ANGUL: The successive death of three tuskers in Angul district in the current month has raised concern among the animal lovers and wildlife experts. While two adult tuskers were killed by poachers and electrocution, the third died due to ill health.

On November 9 night, poachers shot dead a 35-year-old tusker in Badagunda jungle under Khamar range of Deogarh forest division. They also took away his tusks worth over lakhs of rupees. Though Forest officials identified the culprits, no arrest has been made till date.

“We have identified the culprits who killed the tusker. We have also conducted several raids but have not nabbed them. They may have crossed over to the neighbouring district. We are on their trail and hope to nab them soon,” said Ramakanta Sethy, Range Officer of Khamar range.

Five days after the tusker’s killing Khamar range, another tusker died due to electrocution in Handapa forest range. This time, it was a 30-year-old elephant which died after coming in contact with live wire laid by poachers to prey boars near village Hemamura under Athmallick forest division. The tusker was one of the five-member herd that had strayed into the division from Angul on that night. Five persons were arrested by Forest officials in this connection.

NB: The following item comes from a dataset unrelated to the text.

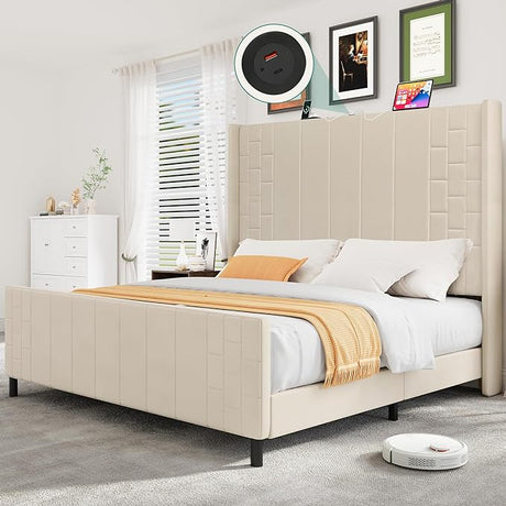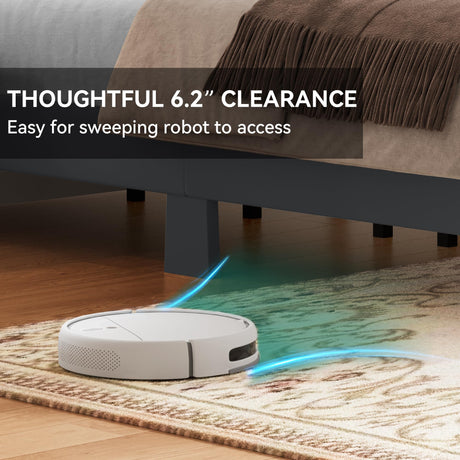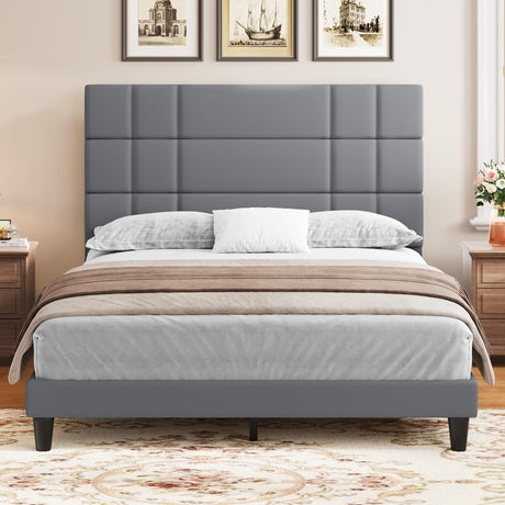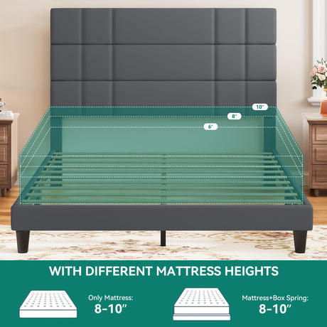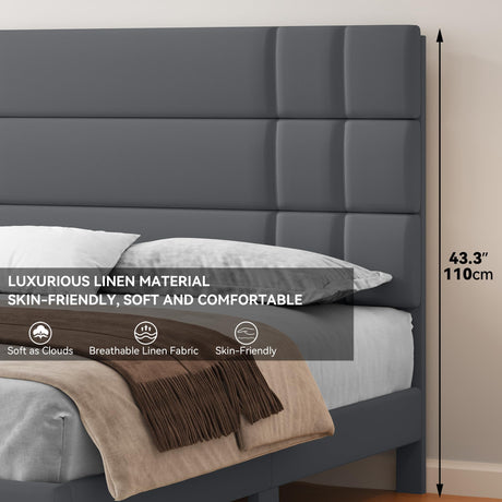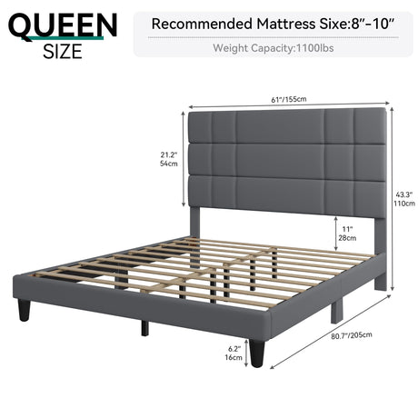Queen Size Bed Frame Linen Fabric Upholstered Platform with Headboard and Strong Wooden Slats,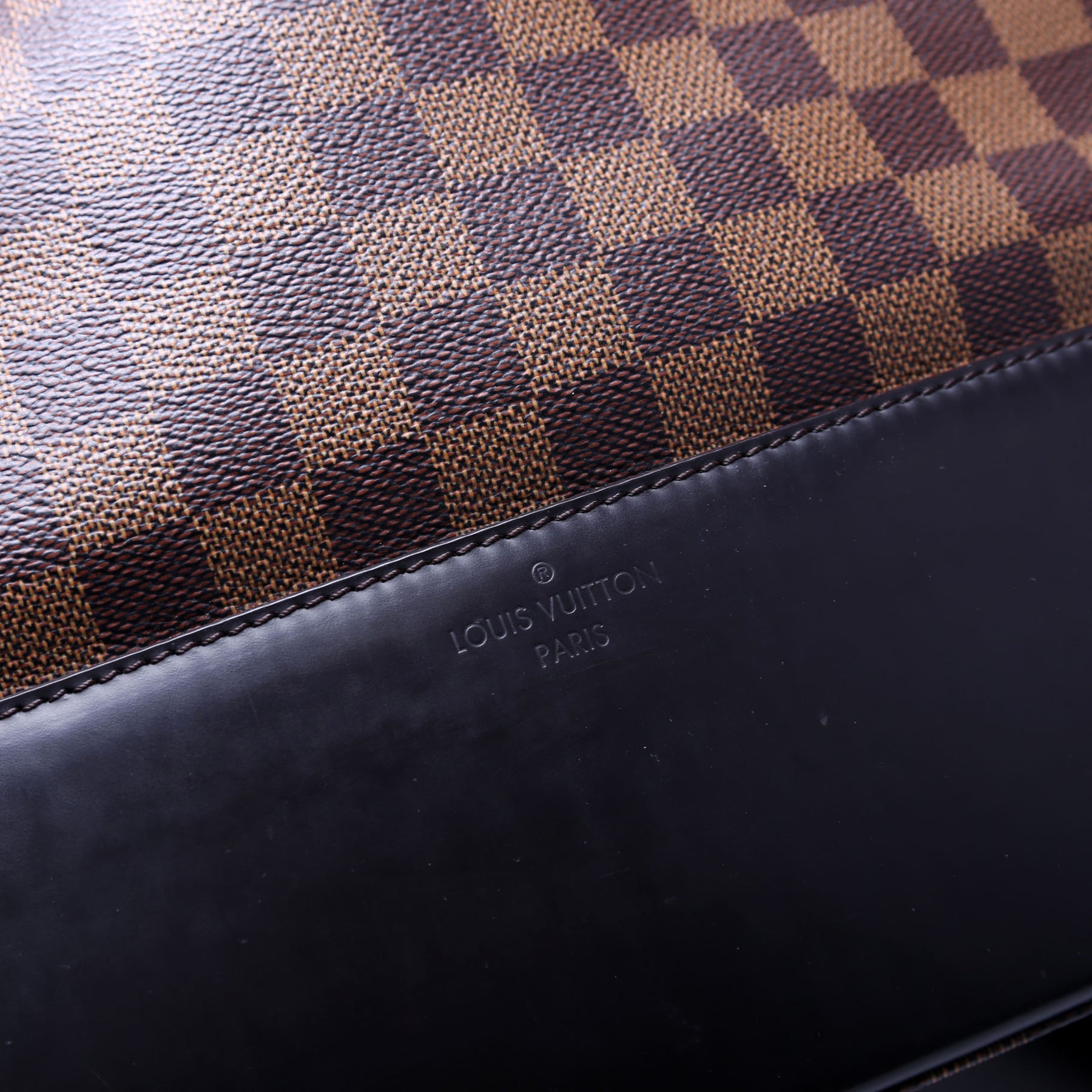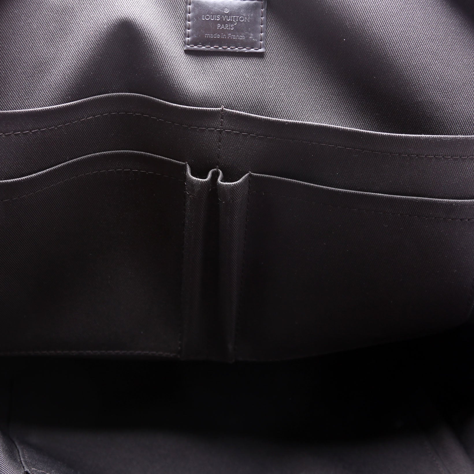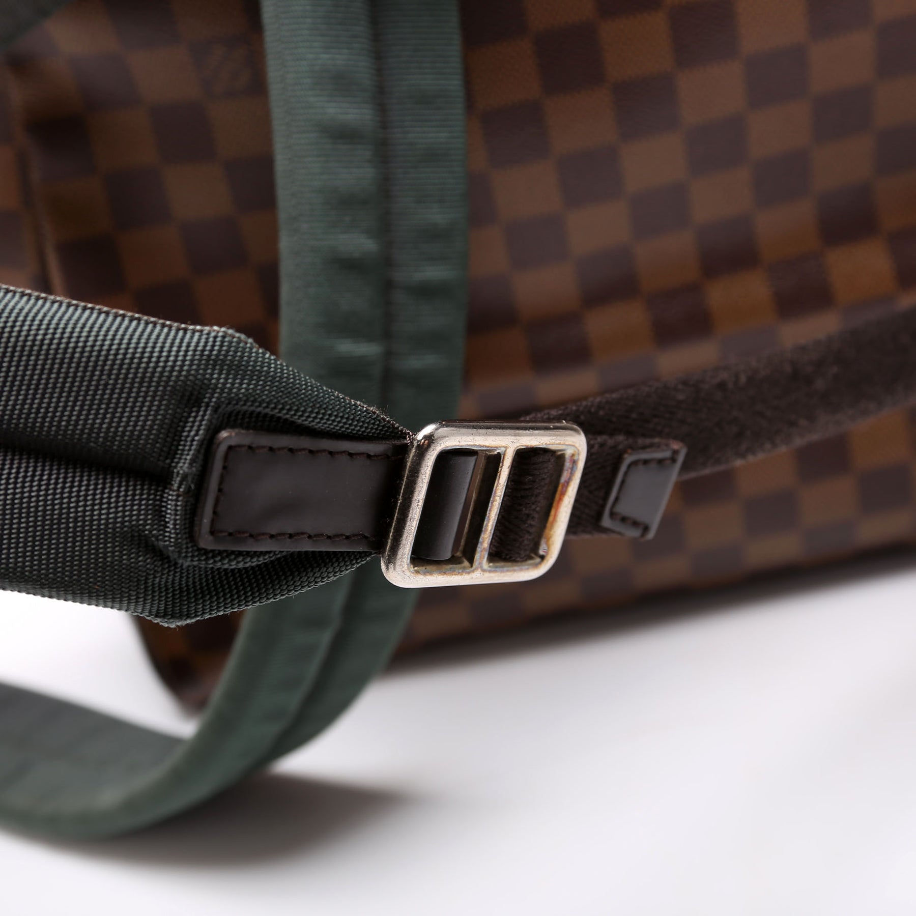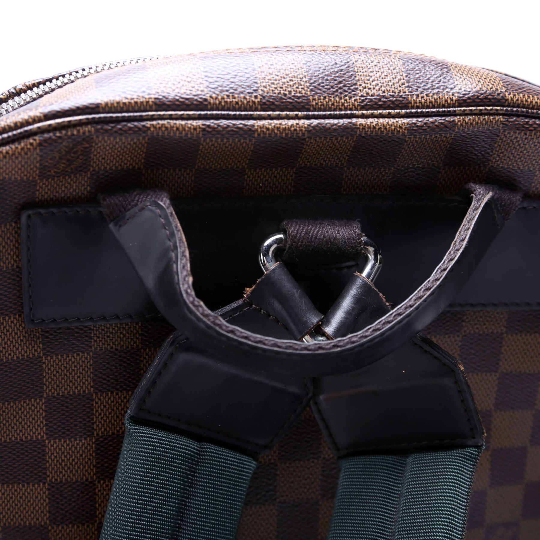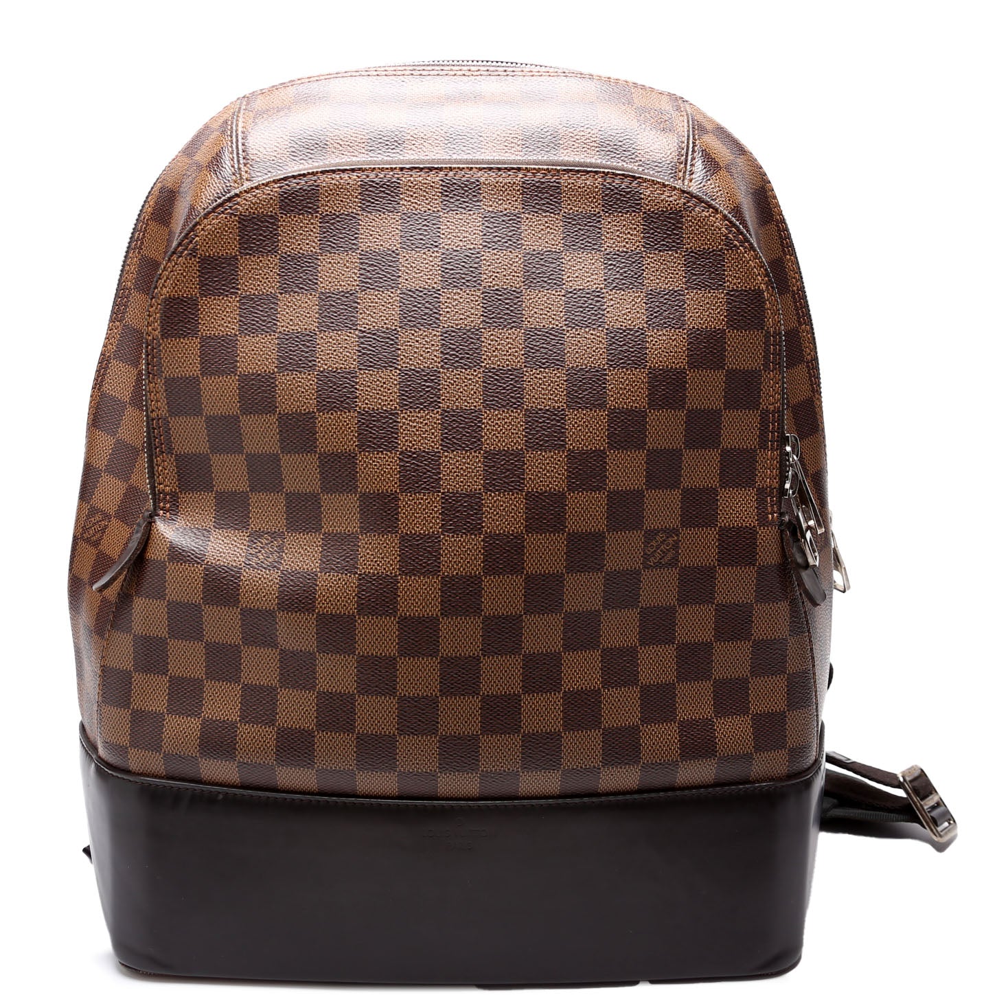 This pre-owned Louis Vuitton Jake Backpack is guaranteed 100% authentic. The exterior is in the classic Louis Vuitton Damier Ebene coated canvas.

“We had identified the villagers who had laid the live wire. The five accused were arrested and forwarded to court,” said Athmallick DFO S Samantaray.Again on November 23, an 8-year-old tusker died under Jilinda range of Satkosia wildlife division. While Forest officials claimed that he died of ill health, post-mortem report is still awaited.

Expressing concern over repeated deaths of elephants in the industrial district, animal expert Prasana Kumar Behera has urged the forest authorities to take proactive steps to stop the trend. “The elephant corridors should be improved, intelligence gathering strengthened and training imparted to tracking team to trace the live wire to prevent the death of wild animals in the district,” said Behera.